There are several important clinical applications of this work. For example, our tables can be used to migrate performance improvement data to a single reporting metric. Clinical decision-makers at medical centers where the VR-12 is routinely administered may wish to replace it with the newer PROMIS Global Health instrument. Using our conversion tables, they can take advantage of historical patient data collected with the VR-12. Likewise, individual clinicians or departments may wish to integrate PROMIS Global Health into their practice, given its brevity and simplicity.4,31 Our results allow users to leverage the accumulated evidence in support of a “legacy” instrument (such as the VR-12) to provide benchmark data and reference points,10 though further validation of such points would be required.

Our results also facilitate CER. In CER, the accurate aggregation of results from multiple outcome studies is important. The individual studies that such meta-analyses comprise often use different instruments. Our results will improve the accuracy of such pooling, because individual results can be converted from the VR-12 to the PROMIS metric (and vice versa). Ultimately, this will allow clinical researchers to better understand the effects of particular treatments on global health.

While these results make linking possible and justifiable for group-level data, they are not as robust as results from similar work with questionnaires measuring single concepts like depression13 and fatigue.25 The raw score Pearson correlations (0.63 to 0.80) were lower than suggested thresholds for linking.13,30 This is likely due to the breadth of the concept of global health, and the observed differences in item content, wording, and format. In addition, the scoring of these questionnaires is more complex than the more typical approach based upon raw sum scoring. PROMIS Global Health is scored using IRT-based parameters as applied to each of the four items that contribute to the total score. Unlike the PROMIS Global Health scales, the VR-12 components are weighted according to a factor analytic technique that forces the components to be orthogonal (unrelated), which will lead to inconsistent results compared to simple sum scores.32 The impact of this difference in scoring between PROMIS Global Health and the VR-12 is evident in the generally weaker justification for linking scores based on the algorithmic approach.

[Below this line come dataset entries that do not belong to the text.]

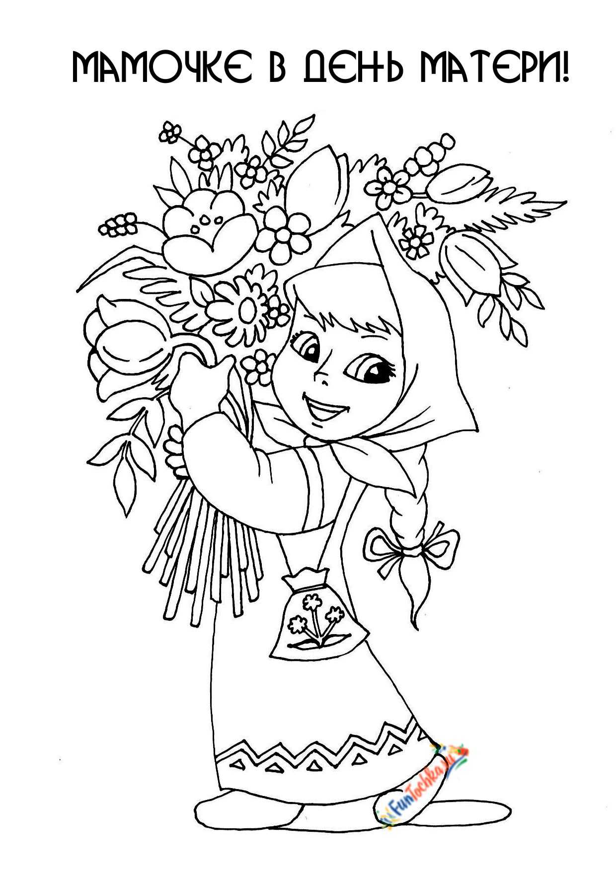 Сказочный и очень славянский сюжет — красивая девочка в сарафане с полевыми цветами для самой любимой в День матери. Детали мелкие, раскрашивать тут нужно не мало. Предлагайте картинку детям с 1 класса и выбирайте карандаши, мелки или фломастеры, если хотите, чтобы удалось закончить сюрприз за одно занятия.
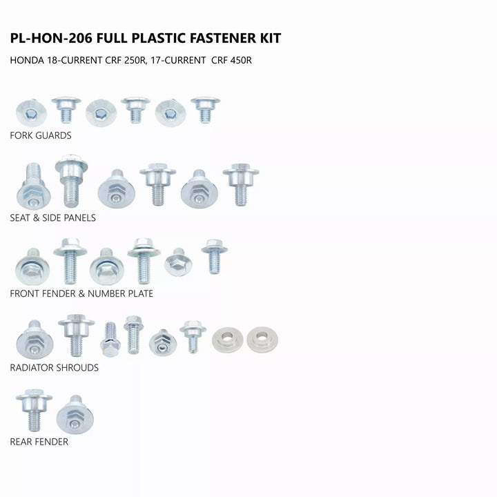 Inclui todos os prendedores e buchas de réplica de fábrica para pára -choque dianteiro, pára -choque traseiro, placa de matrícula frontal, guardas de garfo, assento, painéis laterais e encaixe do radiador em um conjunto
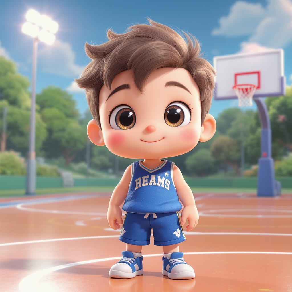A super cute sports boy with big, expressive watery eyes, dressed in a stylish basketball vest and matching blue shorts. He stands on a pristine, brightly lit basketball court, exuding a dreamy, excited charm reminiscent of a Pop Mart toy. The scene captures a high-detail, hyper-quality aesthetic with bright, vibrant colors and a Disney-inspired style, showcasing a fine luster and intricate 3D render. This adorable character embodies the essence of a collectible toy in an 8k resolution with ultra detailing and front lighting emphasizing his joyful expression and youthful energy.

There are some general limitations inherent in the linking process that should be noted. First, scores linked to the PROMIS metric based on the VR-12 may have more error than scores obtained directly from the PROMIS Global Health measure and vice versa (i.e., linking error is added to measurement error). Note, however, that the impact of this linking error can be reduced when users convert scores for a sample and compute its mean. For example, if one converts the VR-12 scores of 50 patients into PROMIS T-scores, the mean of those T-scores will be much more likely to reflect the “true” mean T-score relative to the conversion of 10 patient scores or a single one (see Appendix C.) Also, our linking tables should be used with the knowledge that concordance between the scores of any two instruments may be sensitive to population differences.12 This potential limitation, however, is mitigated by our relatively large sample size.

The linking tables provided in this article are an important tool for clinical researchers who rely on the new PROMIS Global Health measures but are interested in comparing findings of contemporary work with many studies previously conducted with the VR-12. Data collected previously using the VR-12 can also be translated for comparison with current PROMIS Global Health scores. Future linking will advance the field even further by bringing together other measures of global health into one common metric.